#### ACTIVITY
Repeat the data below exactly, dropping any pictures it holds.

#### PROVIDED DATA
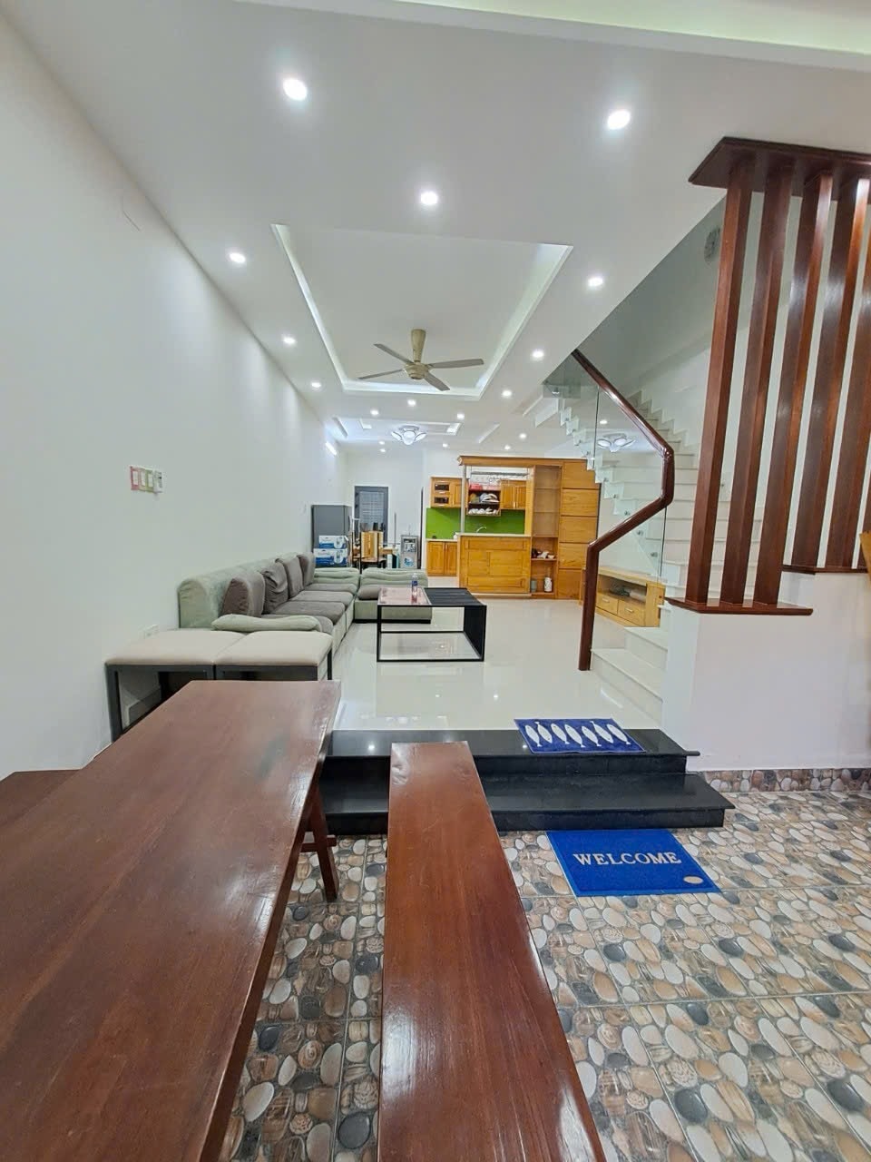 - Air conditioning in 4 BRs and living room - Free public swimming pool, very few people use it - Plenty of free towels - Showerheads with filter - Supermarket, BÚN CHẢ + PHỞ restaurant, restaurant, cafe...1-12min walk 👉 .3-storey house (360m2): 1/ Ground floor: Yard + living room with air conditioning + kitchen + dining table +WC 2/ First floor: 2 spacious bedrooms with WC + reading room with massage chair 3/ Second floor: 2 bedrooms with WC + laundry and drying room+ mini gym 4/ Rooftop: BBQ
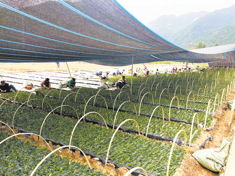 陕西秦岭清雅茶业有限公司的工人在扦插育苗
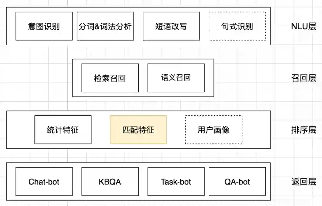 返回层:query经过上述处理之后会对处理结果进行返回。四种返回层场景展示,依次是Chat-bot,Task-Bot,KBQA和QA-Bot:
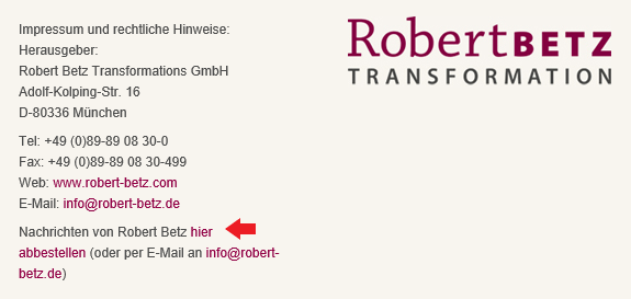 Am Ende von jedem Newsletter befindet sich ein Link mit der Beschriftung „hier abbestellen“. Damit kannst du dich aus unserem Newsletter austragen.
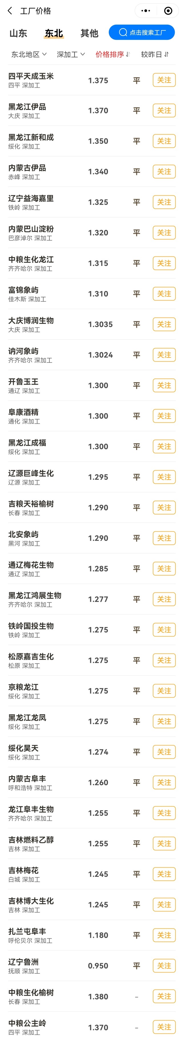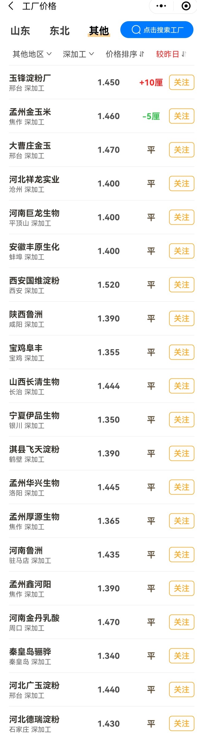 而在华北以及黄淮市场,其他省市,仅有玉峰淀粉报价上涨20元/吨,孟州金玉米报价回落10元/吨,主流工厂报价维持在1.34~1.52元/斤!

#### WRITTEN REPLY
 - Air conditioning in 4 BRs and living room - Free public swimming pool, very few people use it - Plenty of free towels - Showerheads with filter - Supermarket, BÚN CHẢ + PHỞ restaurant, restaurant, cafe...1-12min walk 👉 .3-storey house (360m2): 1/ Ground floor: Yard + living room with air conditioning + kitchen + dining table +WC 2/ First floor: 2 spacious bedrooms with WC + reading room with massage chair 3/ Second floor: 2 bedrooms with WC + laundry and drying room+ mini gym 4/ Rooftop: BBQ
 陕西秦岭清雅茶业有限公司的工人在扦插育苗
 返回层:query经过上述处理之后会对处理结果进行返回。四种返回层场景展示,依次是Chat-bot,Task-Bot,KBQA和QA-Bot:
 Am Ende von jedem Newsletter befindet sich ein Link mit der Beschriftung „hier abbestellen“. Damit kannst du dich aus unserem Newsletter austragen.
 而在华北以及黄淮市场,其他省市,仅有玉峰淀粉报价上涨20元/吨,孟州金玉米报价回落10元/吨,主流工厂报价维持在1.34~1.52元/斤!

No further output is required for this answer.